PML–RARα fusion gene transcripts and biological features in acute promyelocytic leukemia patients

Summary Acute promyelocytic leukemia (APL) is characterized by the presence of rearrangements involving the retinoic acid receptor α (RARα) gene and a variable incidence in different populations. The hybrid gene PML–RARα, present in 98% of cases, encodes a fusion protein essential to the pathogenesis of the disease. Depending of the PML's gene breakpoint in chromosome 15, the transcript subtypes bcr1, bcr2 and bcr3 may be formed. The correlation between these transcript subtypes and clinical parameters is still controversial.
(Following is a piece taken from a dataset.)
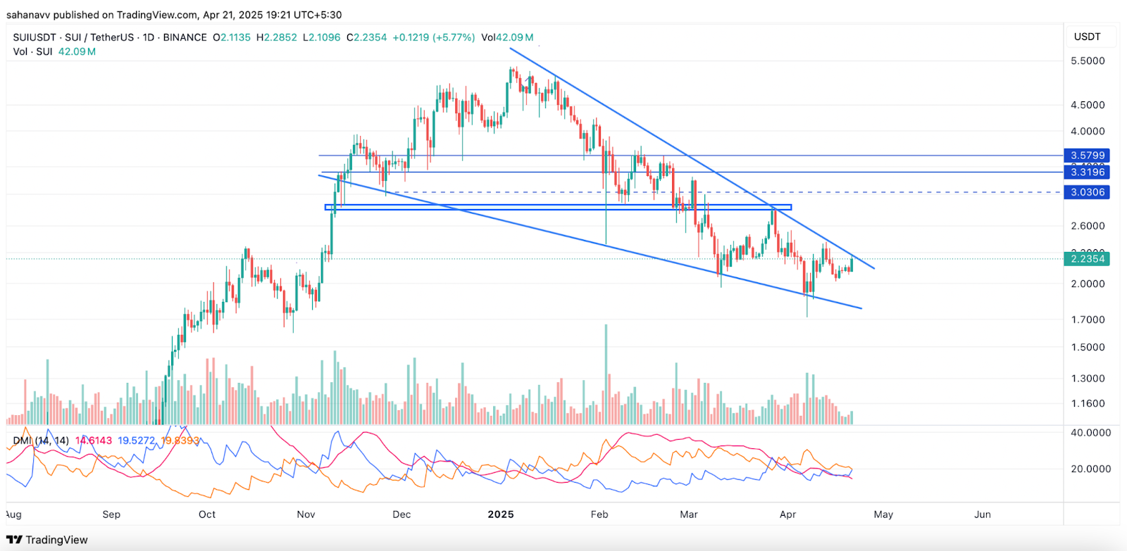 كما هو موضح في الرسم البياني أعلاه، يتداول سعر SUI ضمن نموذج إسفين هابط، ويبدو أنه وصل إلى ذروة التوحيد.

The objective of this study was to determine the frequencies of the PML–RARα transcripts and subtypes in a series of 32 APL patients from Northeast Brazil and to evaluate the association of these subtypes to different parameters. The method used was RT-PCR. The frequency of our APL cases is approximately 28% of the acute leukemias. The results showed the presence of PML–RARα isoform in all patients and a higher frequency of the bcr1/2 subtype. No significant statistical association was found between molecular subtypes and age, sex, French–American–British (FAB) classification, leukocyte and platelet count, hemoglobin level or coagulation tests. In conclusion, these data suggest similar molecular and biological features for our APL patients at diagnosis in comparison with those reported in current scientific literature.